ABOUT THIS TASK:
Everything from the line containing "In the Test" to the last line of the listing below should be restated exactly, both ends included, with nothing added and the pictures omitted.

DATASET EXTRACT:
-=-=-

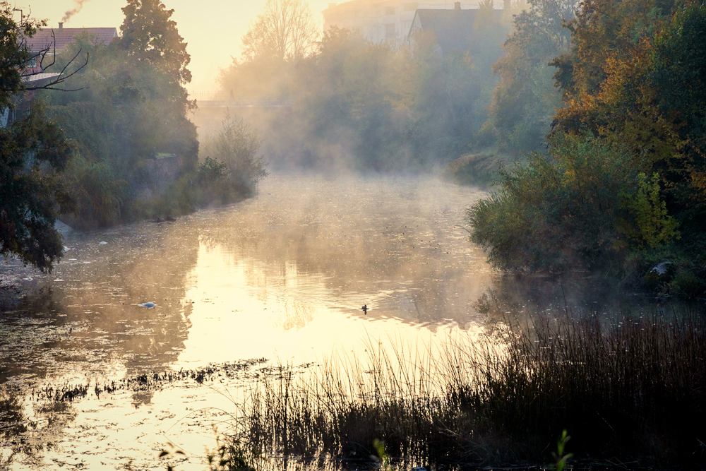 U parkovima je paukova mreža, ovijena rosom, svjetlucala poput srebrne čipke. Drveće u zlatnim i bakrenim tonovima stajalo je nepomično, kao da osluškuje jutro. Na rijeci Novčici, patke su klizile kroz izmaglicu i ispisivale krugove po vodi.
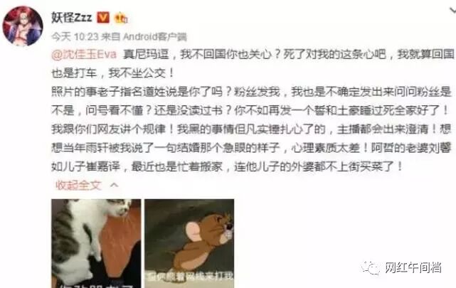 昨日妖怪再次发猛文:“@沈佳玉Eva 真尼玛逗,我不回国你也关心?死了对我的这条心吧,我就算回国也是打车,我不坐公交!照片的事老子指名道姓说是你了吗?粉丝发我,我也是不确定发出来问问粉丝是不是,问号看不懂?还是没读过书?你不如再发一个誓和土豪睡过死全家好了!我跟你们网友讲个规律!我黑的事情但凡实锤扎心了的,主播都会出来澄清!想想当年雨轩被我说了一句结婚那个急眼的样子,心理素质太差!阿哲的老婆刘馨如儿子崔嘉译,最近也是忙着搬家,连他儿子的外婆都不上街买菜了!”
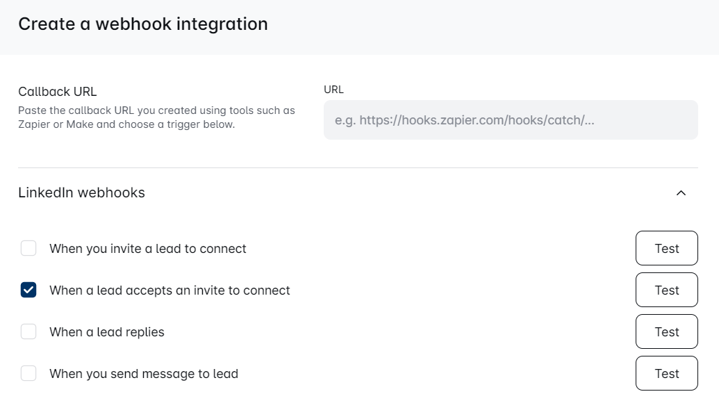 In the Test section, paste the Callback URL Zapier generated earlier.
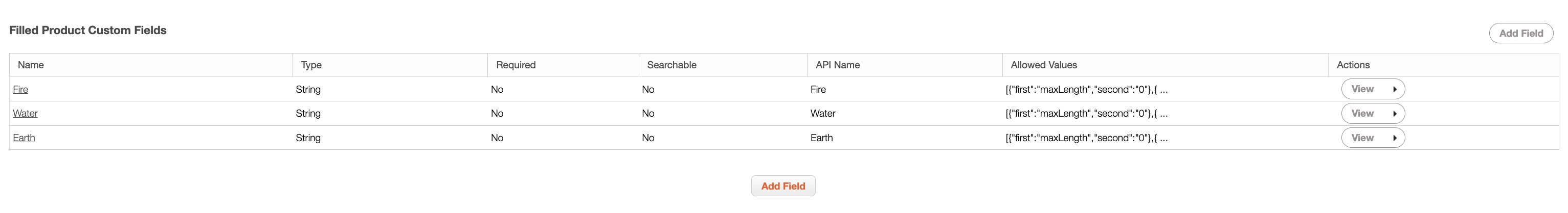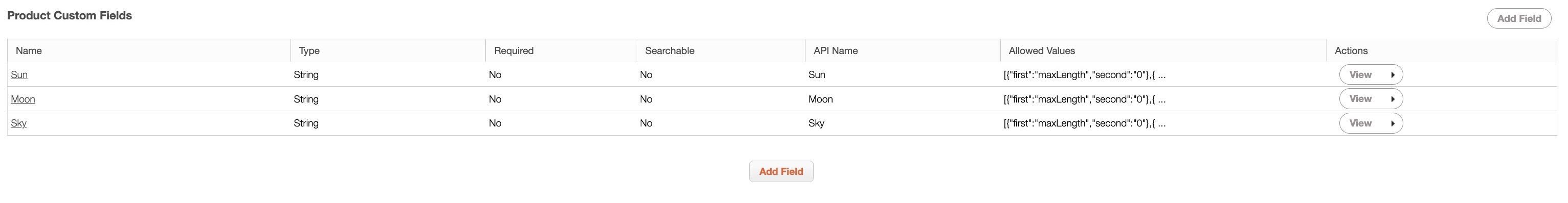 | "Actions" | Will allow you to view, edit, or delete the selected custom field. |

-=-=-

COMPLETED TASK:
 In the Test section, paste the Callback URL Zapier generated earlier.
 | "Actions" | Will allow you to view, edit, or delete the selected custom field. |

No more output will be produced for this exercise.